Use CJ's tweet as a reference for tools, learn to build with Blake's interview, learn to sell with Zach's interview, and you'll be unstoppable.

Your Own Local Tour Guide

What if there was a map that let you discover Wikipedia pages of all the surroundings in your neighborhood? And what if it could also show you the pages from maps all around the world? Thankfully for us, Matthew Siu recently built this project. His inspiration was perfectly phrased as follows:

when I'm walking around, I often feel like there are stories surrounding me that are just out of reach.

I wanted this map to feel like having a local tour guide

try it here: https://matthewsiu.com/local-map

For those of you that are susceptible to falling down Wikipedia rabbit holes, this may be a dangerous site. It's fascinating to explore your local neighborhood, and you'll surely discover things around you that you may have never known. I love the user experience and am sure you will too.

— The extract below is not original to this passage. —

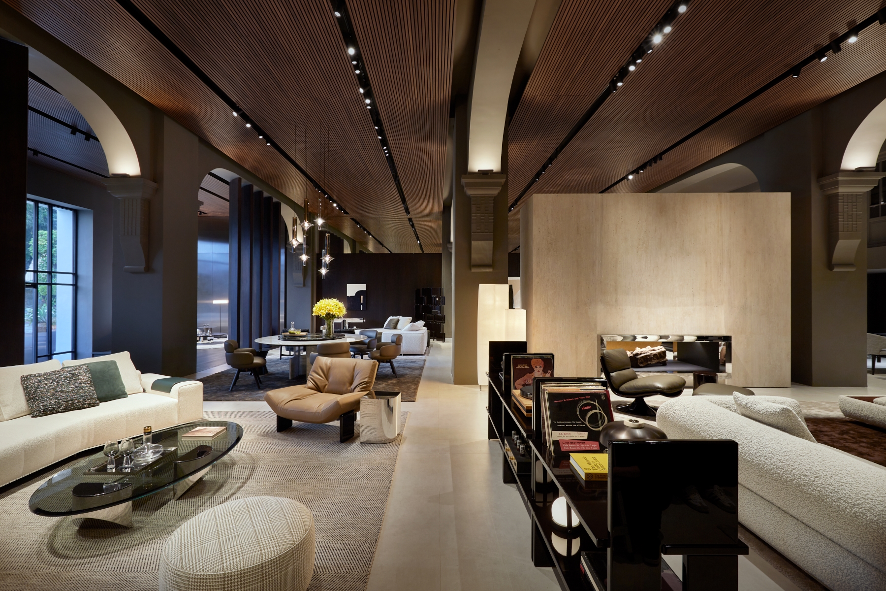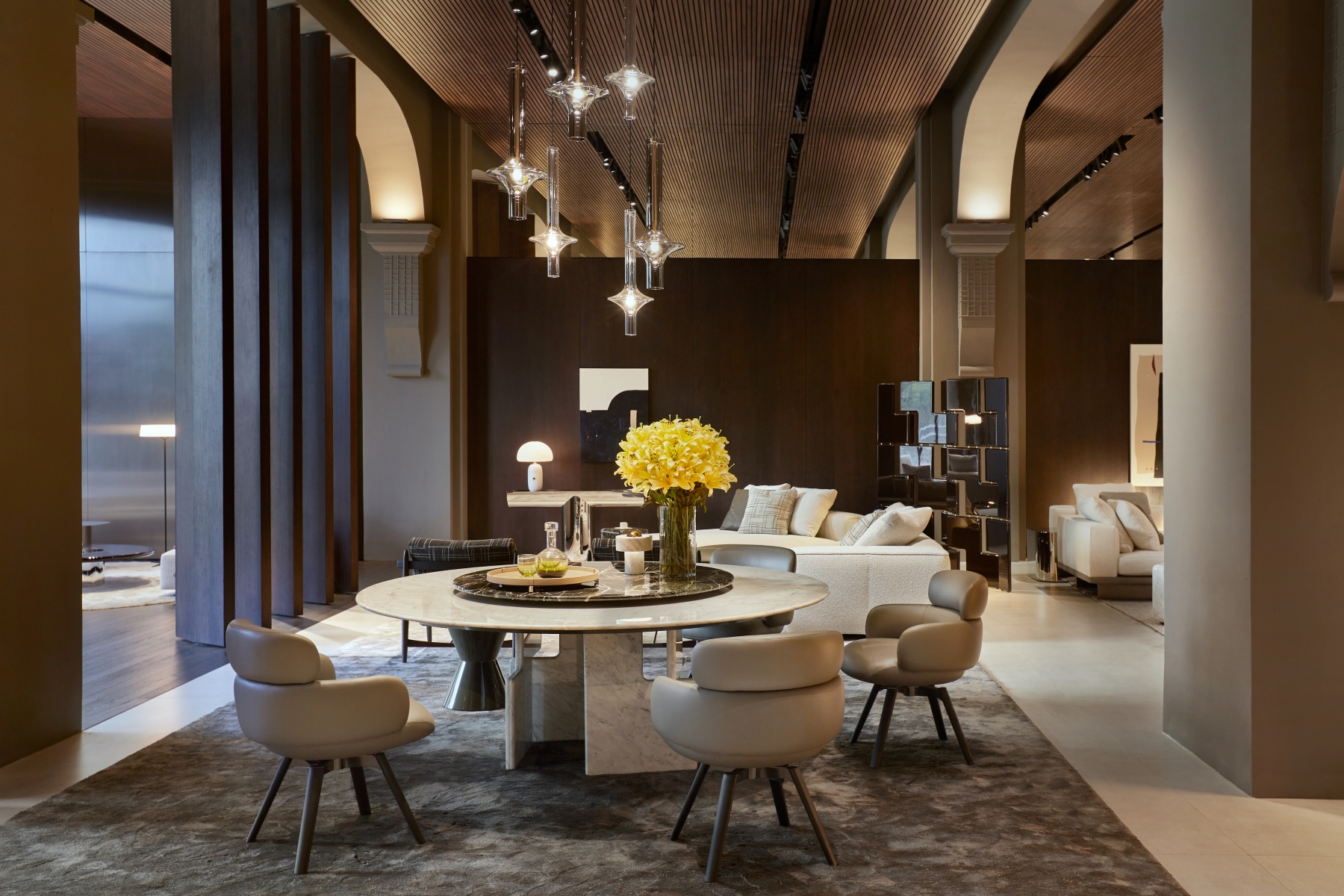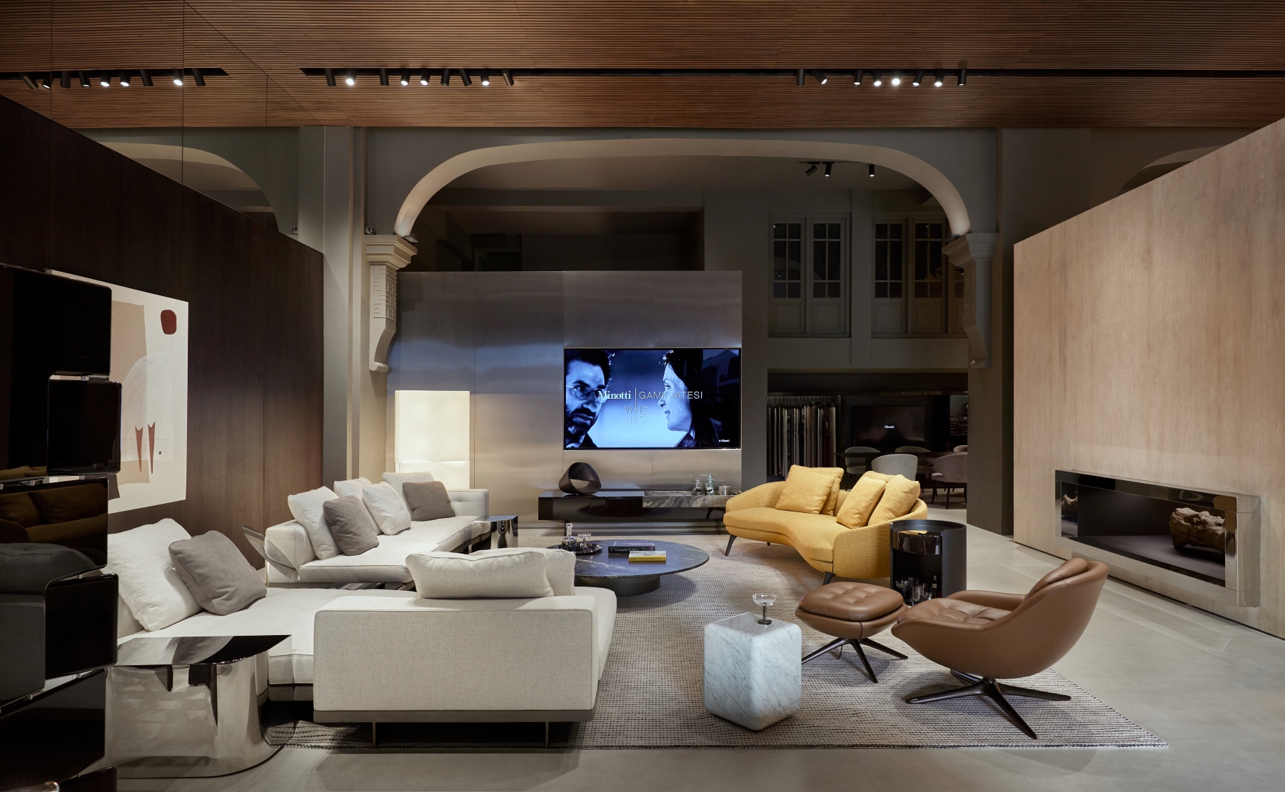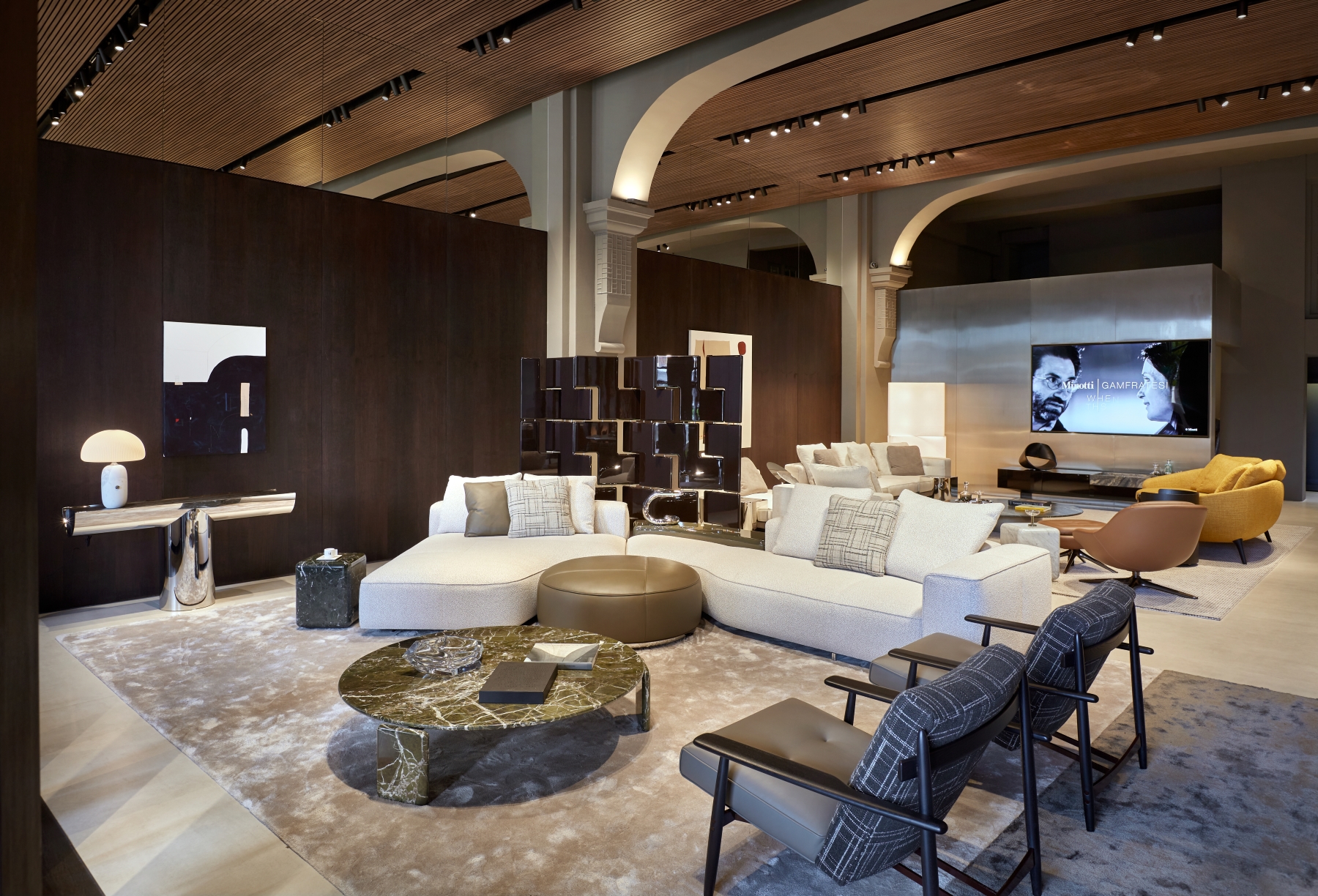 Innovative design elements define the updated space, including pivoting wood partitions, a standing fireplace made of white Travertine, and reflective chrome finishes. These features highlight the showroom’s architectural sophistication and make it a true destination for contemporary living. The new interiors are a harmonious interplay of textures and finishes, designed to create a warm and refined atmosphere. Wengé-coloured oak panelling alternates with polished stainless steel, while the flooring combines wood with concrete-effect surfaces, creating a balanced contrast. The ceiling, made entirely of wood-effect slats, completes the cohesive aesthetic. Wood accents are complemented by stainless steel details, and mirrored panels add depth and light, creating striking reflections that elevate the spatial perception.

Roadmap to Making Real Friendships

Making new friends is hard. In fact, this chart shows by the time we are in our early 20's, time spent with friends usually peaks. But I believe having friends and surrounding yourself with like-minded people can improve your life in orders of magnitude, no matter what age you are at. That's why I love this actionable chart from Adele Bloch.

It lays out the four main principles of making real friendships, along with tips on how to go about following through on it:

1. Meeting people - Go to things: events, sports, clubs, classes. Get comfortable getting out of your comfort zone - meeting strangers, showing up, making conversations.
2. Finding your people - Be intentional about where you spend time. Think about what you love doing, and find groups who love those things too.
3. Consistent interactions - Turn acquaintances into friends through regular contact. ideally, join recurring events. Otherwise, keep the momentum going after an initial hangout.
4. Creating depth - Go beyond small talk. Be authentic. Share real wins & struggles. Be the type of friend that you'd want to have.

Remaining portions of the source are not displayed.